■ **DIRECTIONS**:
An exact transcription is needed of the lines below from the one with "безопасные для детей" through the one with "anrufen | |", with no other lines and no pictures.

■ **DATASET EXCERPTS**:
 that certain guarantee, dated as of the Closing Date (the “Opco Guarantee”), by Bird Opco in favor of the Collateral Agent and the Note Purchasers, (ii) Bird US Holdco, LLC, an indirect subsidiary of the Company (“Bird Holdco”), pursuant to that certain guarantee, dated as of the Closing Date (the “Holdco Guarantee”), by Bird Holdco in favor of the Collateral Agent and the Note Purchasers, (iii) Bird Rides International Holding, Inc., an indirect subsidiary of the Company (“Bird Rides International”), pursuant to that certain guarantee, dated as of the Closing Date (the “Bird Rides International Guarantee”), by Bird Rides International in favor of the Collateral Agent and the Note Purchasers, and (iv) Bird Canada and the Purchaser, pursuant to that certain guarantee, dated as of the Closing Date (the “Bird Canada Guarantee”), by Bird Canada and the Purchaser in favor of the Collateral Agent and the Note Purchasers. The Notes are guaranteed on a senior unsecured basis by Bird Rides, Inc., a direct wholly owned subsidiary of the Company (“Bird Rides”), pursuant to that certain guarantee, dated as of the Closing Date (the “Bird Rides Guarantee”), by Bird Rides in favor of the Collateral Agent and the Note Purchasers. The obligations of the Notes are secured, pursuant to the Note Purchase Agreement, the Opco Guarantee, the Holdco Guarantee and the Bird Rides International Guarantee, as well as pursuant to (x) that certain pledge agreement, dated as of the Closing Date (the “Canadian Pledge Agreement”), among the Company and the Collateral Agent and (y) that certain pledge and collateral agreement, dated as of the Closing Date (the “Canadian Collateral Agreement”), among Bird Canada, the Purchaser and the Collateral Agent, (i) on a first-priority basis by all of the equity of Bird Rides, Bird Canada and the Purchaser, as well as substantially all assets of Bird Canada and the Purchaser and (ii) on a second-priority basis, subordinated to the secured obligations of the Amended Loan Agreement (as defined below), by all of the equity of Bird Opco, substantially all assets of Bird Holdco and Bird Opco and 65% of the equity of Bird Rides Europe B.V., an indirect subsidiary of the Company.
* * *
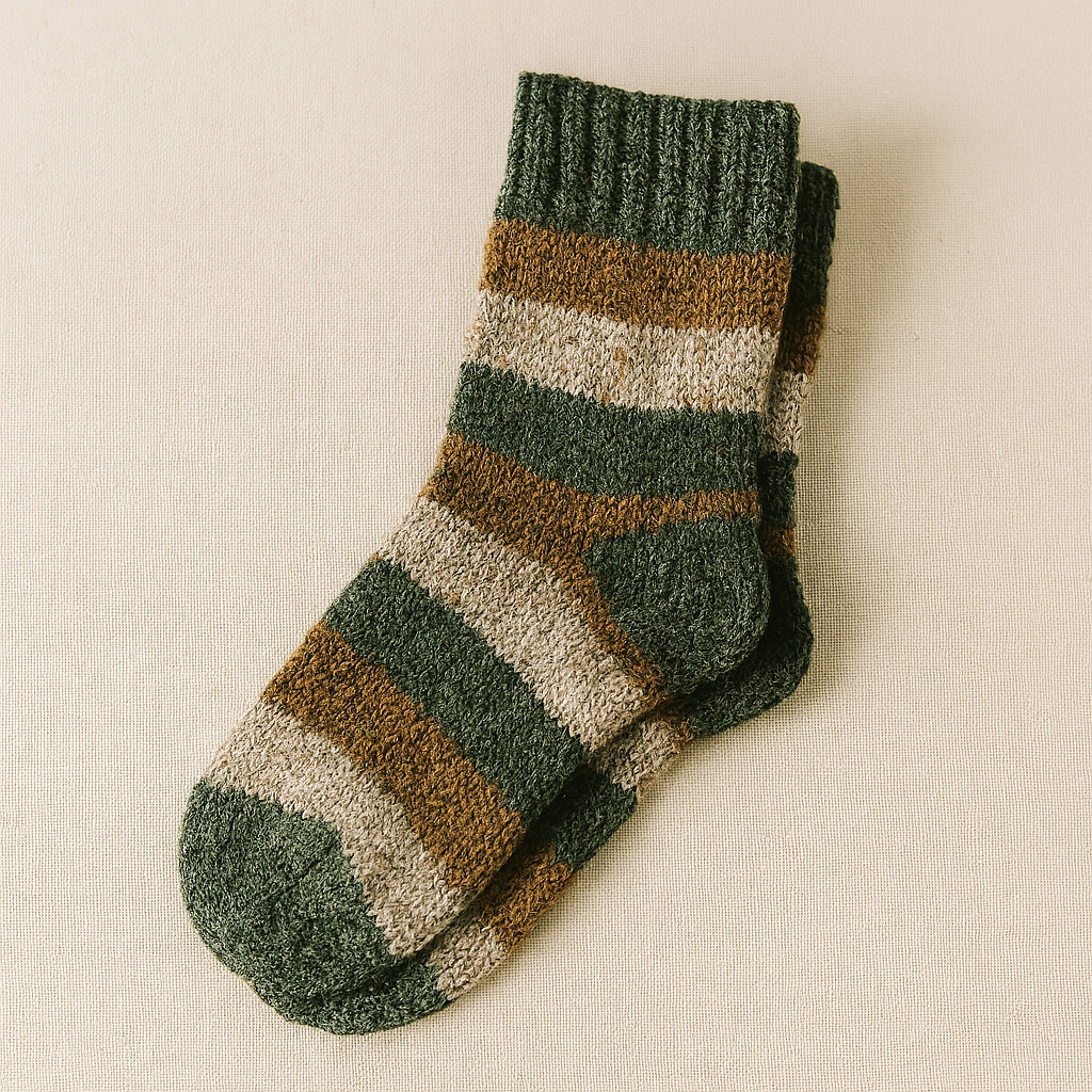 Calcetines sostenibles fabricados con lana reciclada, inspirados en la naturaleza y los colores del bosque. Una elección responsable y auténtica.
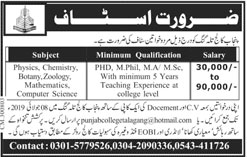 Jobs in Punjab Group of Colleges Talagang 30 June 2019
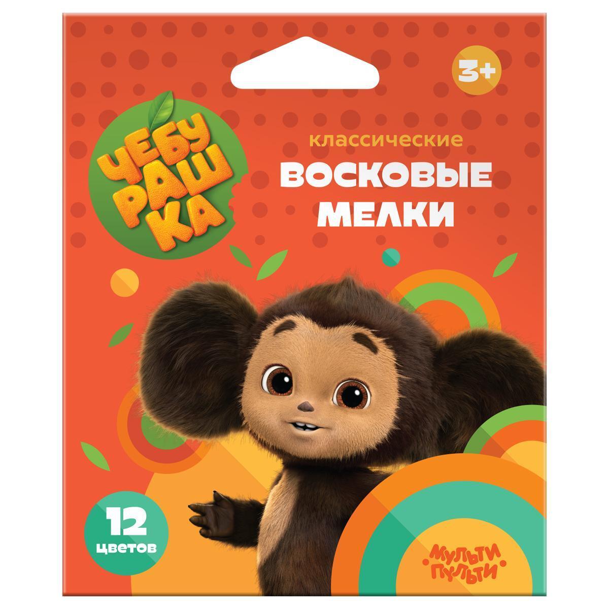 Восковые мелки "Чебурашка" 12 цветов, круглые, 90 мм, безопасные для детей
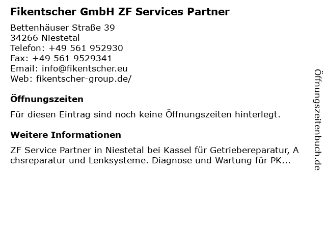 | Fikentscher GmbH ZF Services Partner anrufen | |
...
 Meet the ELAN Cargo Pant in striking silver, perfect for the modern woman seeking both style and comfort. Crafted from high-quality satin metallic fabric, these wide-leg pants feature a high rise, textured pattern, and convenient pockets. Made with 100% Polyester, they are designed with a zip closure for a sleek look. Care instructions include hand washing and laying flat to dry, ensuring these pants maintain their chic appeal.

■ **ANSWER SECTION**:
 Восковые мелки "Чебурашка" 12 цветов, круглые, 90 мм, безопасные для детей
 | Fikentscher GmbH ZF Services Partner anrufen | |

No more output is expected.